Problem description: Print out the data precisely as it appears here, with no pictures.

Exercise data:
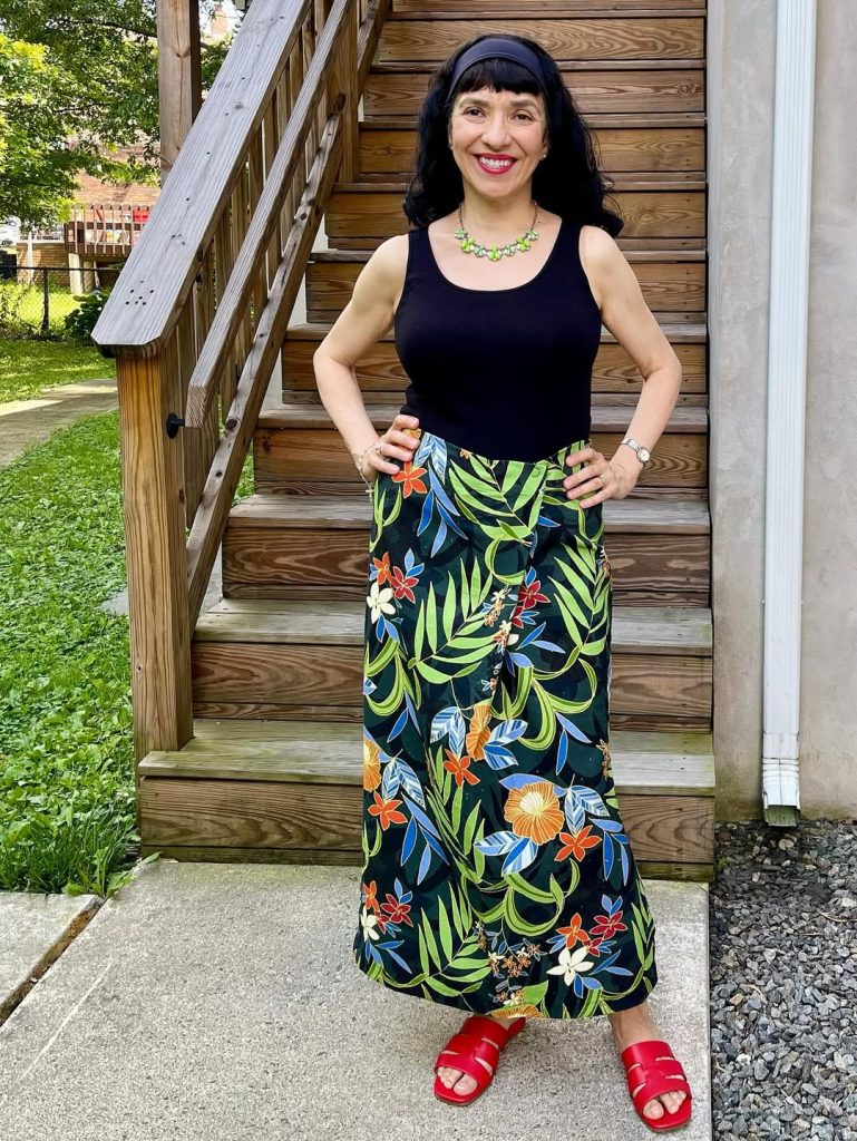 A vibrant tropical Floral Maxi skirt paired with a simple black tank creates a lively summer outfit full of personality.
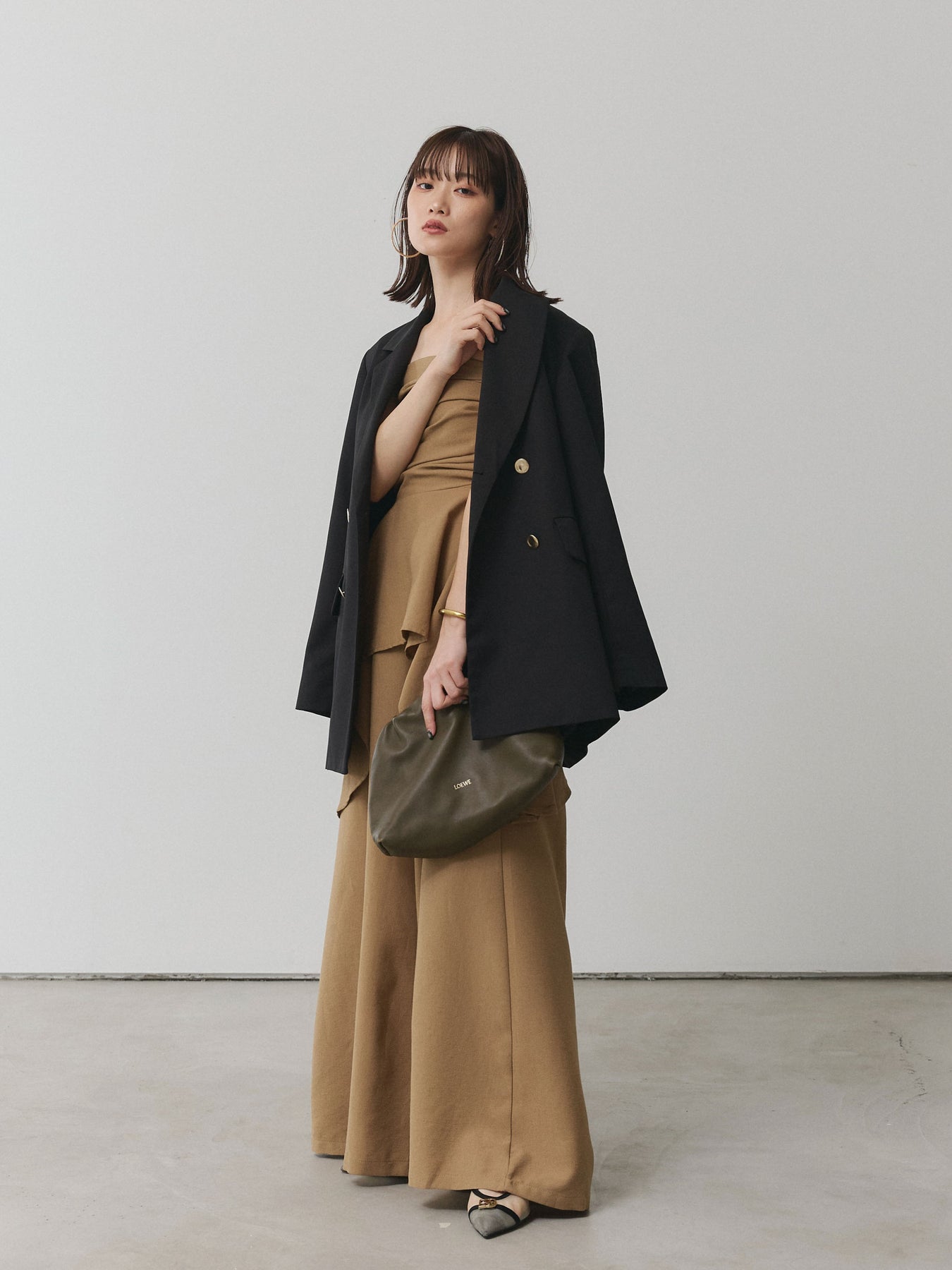 クラシカルなダブルブレストデザインを取り入れたオーバージャケット。程よくゆとりのあるシルエットがこなれ感を演出し、羽織るだけで洗練されたスタイルに仕上がります。光沢を抑えたマットな生地感が大人らしい落ち着きを与え、オンオフ問わず幅広いシーンで活躍。肩からさっとかけるだけでも存在感があり、ワイドパンツやスカートとの相性も抜群です。ゴールドボタンがアクセントとなり、シンプルながらも華やかさをプラス。トレンド感とクラシックさを兼ね備えた、ワードローブに一枚は持っておきたいアイテムです。 ※ボトムス、キャミソール(インナー)以外の商品は一律でインナーは付属していません。
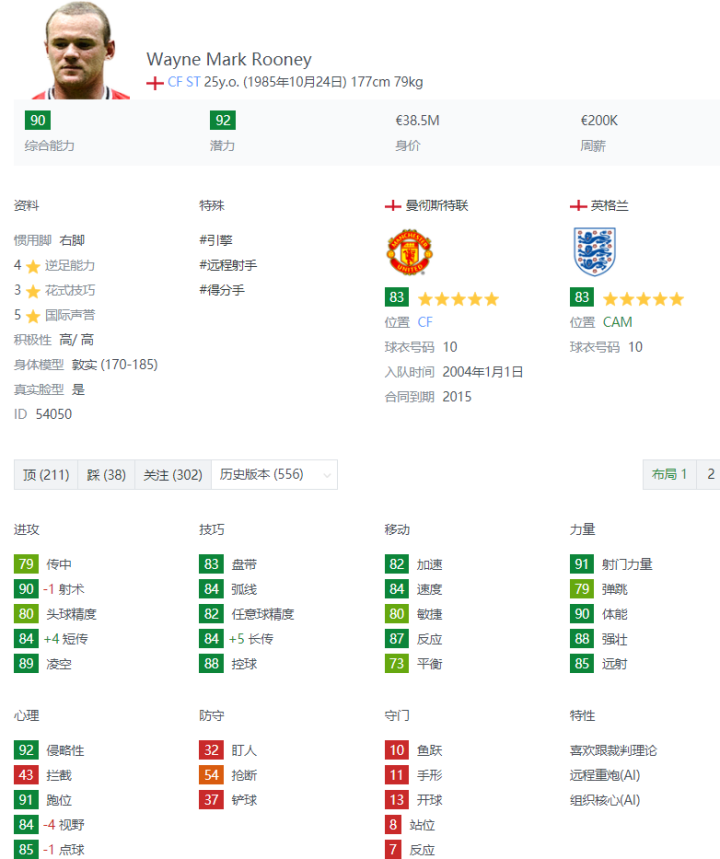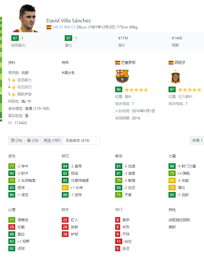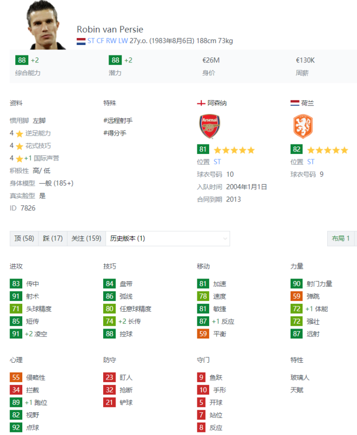 不过在FIFA12中,虽然他的能力值下降了一点来到了87,但这并不影响他在游戏中的作用,作为前锋他的射门数值依旧很高。
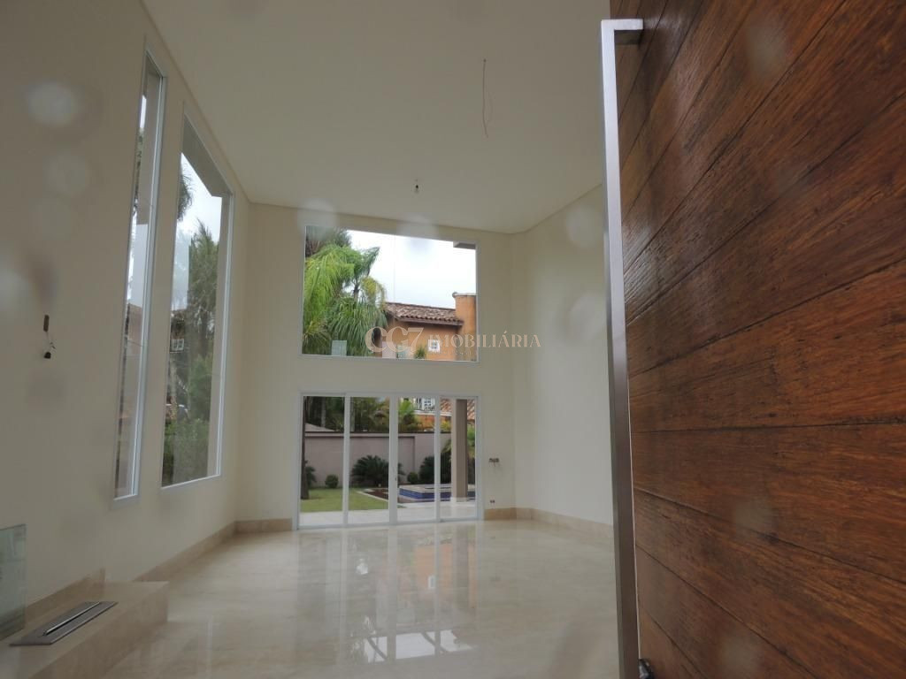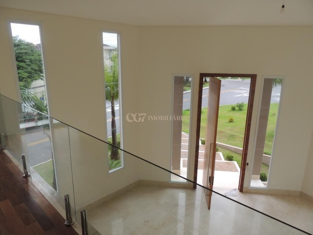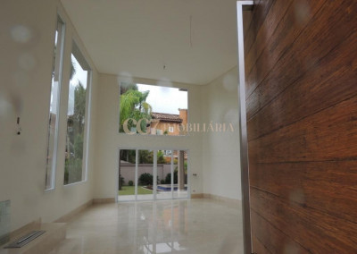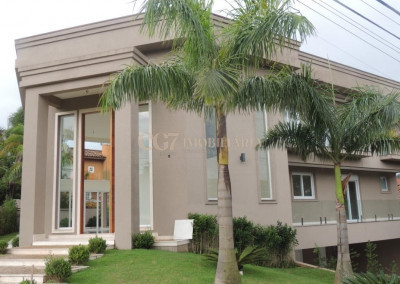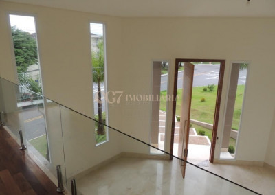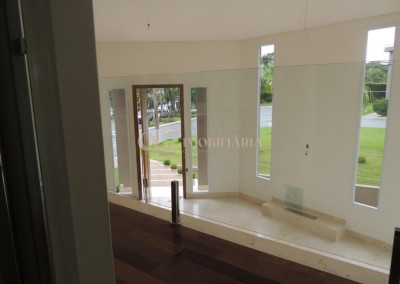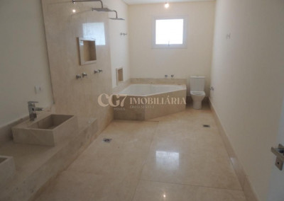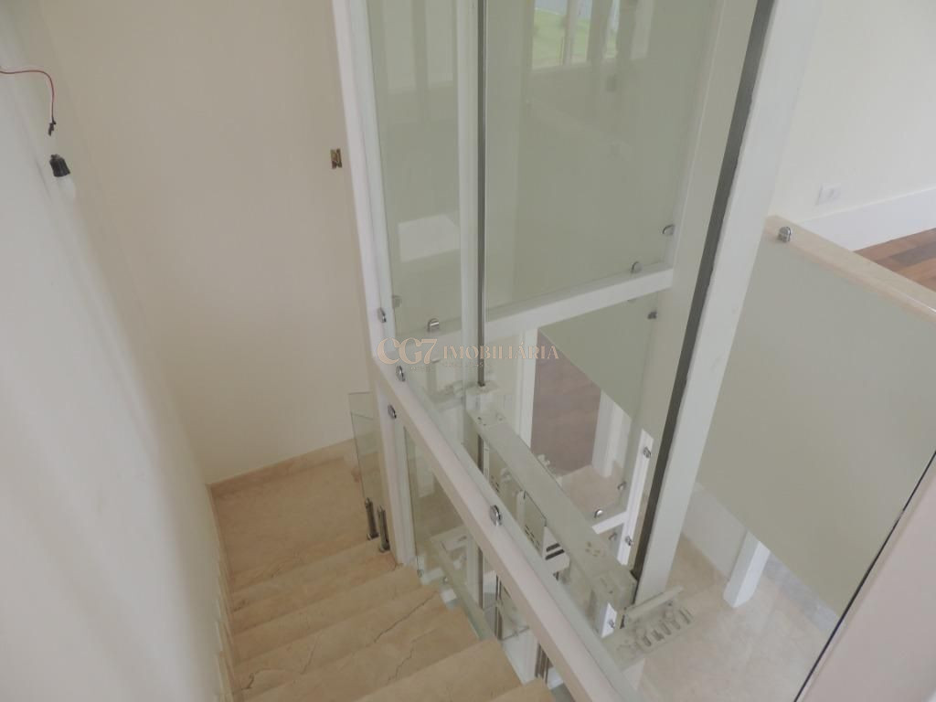 A residência está próxima a portaria e possui finíssimo acabamento em mármore importado Crema Marfil, louças e metais Roca e Deca, imponente porta de entrada com 4,20 m de altura, ar condicionado em todos ambientes, exceto cozinha e sala de almoço (infra), aspiração central (infra), esquadrias em PVC, automação residencial, reservatório para águas pluviais

Task solution:
 A vibrant tropical Floral Maxi skirt paired with a simple black tank creates a lively summer outfit full of personality.
 クラシカルなダブルブレストデザインを取り入れたオーバージャケット。程よくゆとりのあるシルエットがこなれ感を演出し、羽織るだけで洗練されたスタイルに仕上がります。光沢を抑えたマットな生地感が大人らしい落ち着きを与え、オンオフ問わず幅広いシーンで活躍。肩からさっとかけるだけでも存在感があり、ワイドパンツやスカートとの相性も抜群です。ゴールドボタンがアクセントとなり、シンプルながらも華やかさをプラス。トレンド感とクラシックさを兼ね備えた、ワードローブに一枚は持っておきたいアイテムです。 ※ボトムス、キャミソール(インナー)以外の商品は一律でインナーは付属していません。
 不过在FIFA12中,虽然他的能力值下降了一点来到了87,但这并不影响他在游戏中的作用,作为前锋他的射门数值依旧很高。
 A residência está próxima a portaria e possui finíssimo acabamento em mármore importado Crema Marfil, louças e metais Roca e Deca, imponente porta de entrada com 4,20 m de altura, ar condicionado em todos ambientes, exceto cozinha e sala de almoço (infra), aspiração central (infra), esquadrias em PVC, automação residencial, reservatório para águas pluviais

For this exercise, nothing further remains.